DALL · E mini has a mysterious obsession with women in saris

Like most people who are extremely online, Brazilian screenwriter Fernando Marés has been fascinated by the images generated by the artificial intelligence (AI) model DALL · E mini. Over the last few weeks, the AI ​​system has become a viral sensation by creating images based on seemingly random and quirky queries from users – such as “Lady Gaga as the joker“”Elon Musk is sued by a capybara,” and more.

Marés, a veteran hacktivist, began using the DALL · E mini in early June. But instead of entering text for a specific request, he tried something else: he left the field blank. Fascinated by the seemingly random results, Marés ran the empty search over and over again. That was when Marés noticed something strange: almost every time he ran a blank request, DALL · E generated mini portraits of brown-skinned women wearing sariera type of attire common in South Asia.

Marés queried the DALL · E mini thousands of times with the blank command input to find out if it was just a coincidence. He then invited his friends over to switch to on his computer to simultaneously generate images on five browser tabs. He said he continued for almost 10 hours without a break. He built an extensive repository of over 5,000 unique images and shared 1.4GB of raw DALL · E mini-data with The rest of the world.

Most of these images contain images of brown-skinned women in saris. Why is the DALL-E mini apparently obsessed with this very specific type of image? According to AI researchers, the answer may have something to do with sloppy tagging and incomplete datasets.

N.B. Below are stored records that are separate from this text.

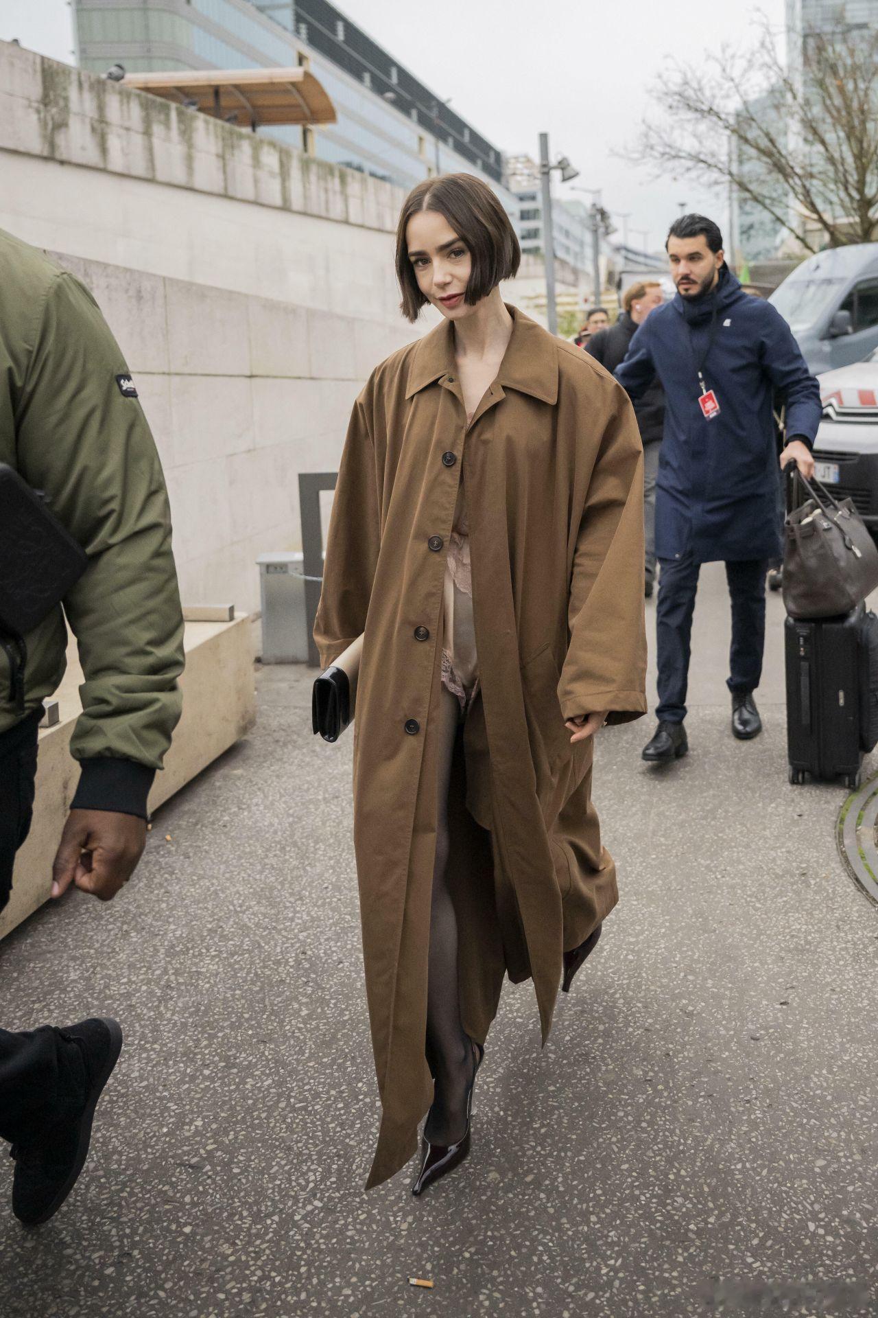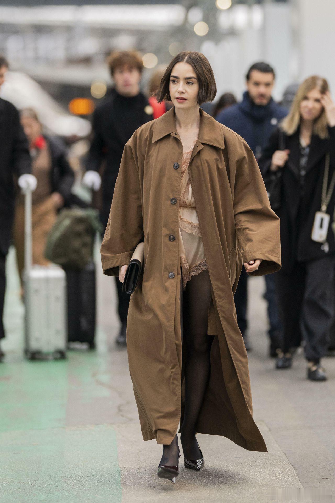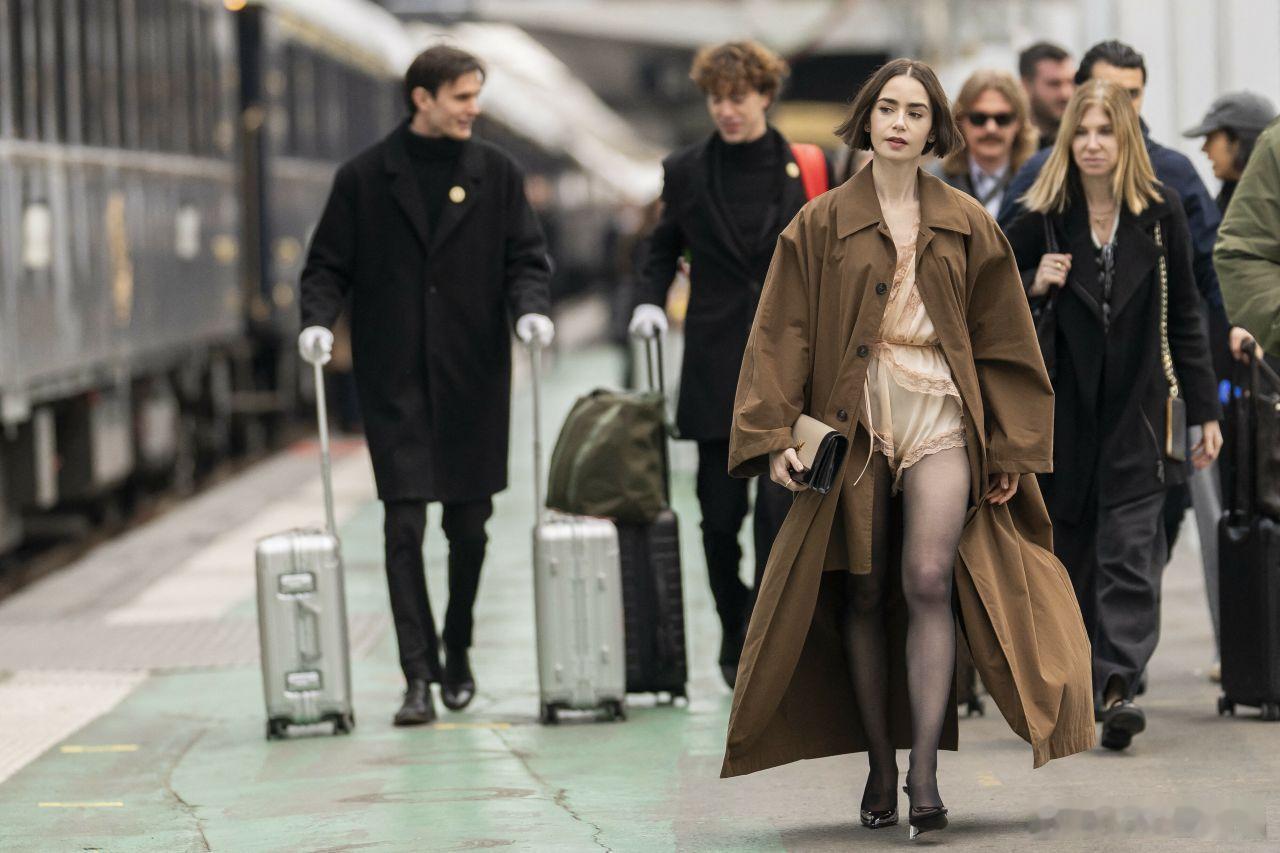 Lily Collins昨日和《艾米丽在巴黎》剧组出现在巴黎奥斯特里茨火车站,她穿了 Saint Laurent 的风衣内搭真丝雪纺连体衣,实用的外套与轻薄透明、镶有蕾丝边的内搭形成鲜明对比,这种刻意营造的张力既大胆又充满挑逗意味。时尚灵感解读
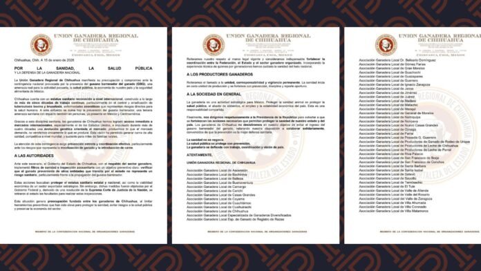 La Unión Ganadera Regional de Chihuahua reiteró su respeto al marco legal vigente y llamó a fortalecer la coordinación entre la Federación, el Estado y el sector ganadero organizado, así como a la unidad y corresponsabilidad de los productores en la vigilancia sanitaria.
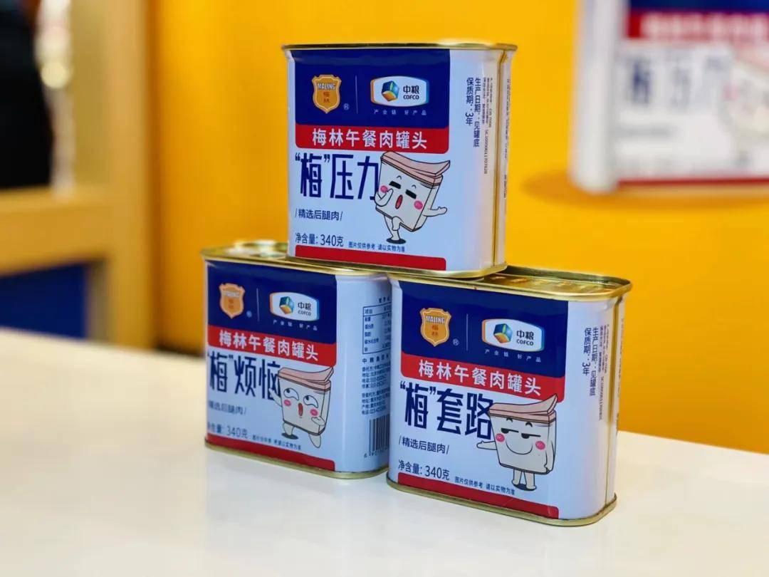 在营销侧,国产午餐肉品牌纷纷押注年轻化,捕捉新消费人群。例如,中粮梅林推出的“梅”系列午餐肉,以“梅压力”“梅烦恼”“梅套路”等谐音梗吸引年轻客群;其后,梅林还推出“梅错儿”系列单片装午餐肉,意在开拓随身休闲零食、办公室下午茶等新场景。
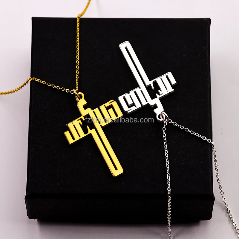 Stainless Steel 18k Gold Plated Jesus Cross Pendant Necklace Custom Necklace with Art Logo design Personalized Jewelry for Men
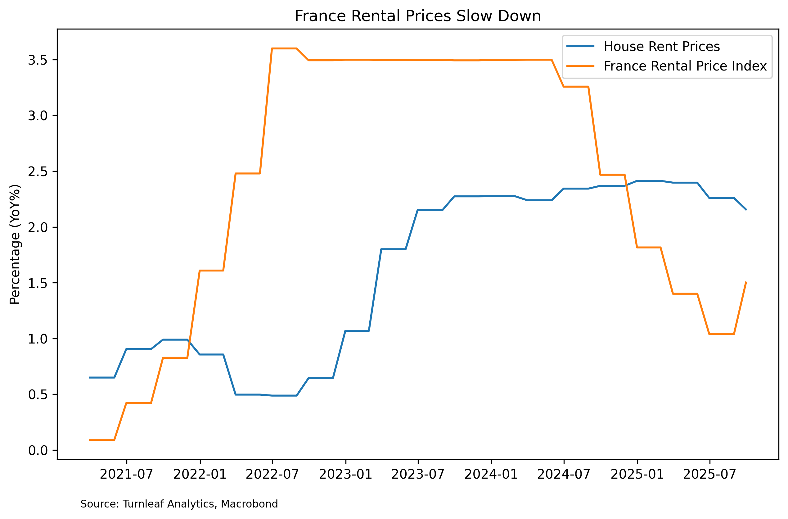 The housing channel tells a similar story and is illustrated in Figure 3. France’s rent revisions are governed by the Indice de Référence des Loyers (IRL), which is tied to CPI ex-tobacco. As disinflation took hold through 2024, the IRL fell from about 3.3% to near 1% by mid-2025, mechanically capping permissible rent increases and cooling housing services. It edged back toward 1.5% late in the year, but with most leases revised annually, the near-term passthrough should be modest. This helps reconcile the model signals. House rent prices are still running a little above 2% YoY and thus flags as inflationary, while the IRL, having dropped sharply, flags as disinflationary. In other words, current rent levels remain elevated, but the lower benchmark constrains upcoming revisions, so any lift from rents in the next prints should be limited rather than a new source of upside pressure.

DALL · E mini was developed by AI artist Boris Dayma and inspired by DALL · E 2, an OpenAI application that generates hyper-realistic art and images from a text input. From cats meditating, to robotic dinosaurs fighting monster trucks in a colosseum, the images blew everyone’s minds, and some called it a threat to human illustrators. Recognizing the potential for abuse, OpenAI limited access to its model to only a hand-picked set of 400 researchers.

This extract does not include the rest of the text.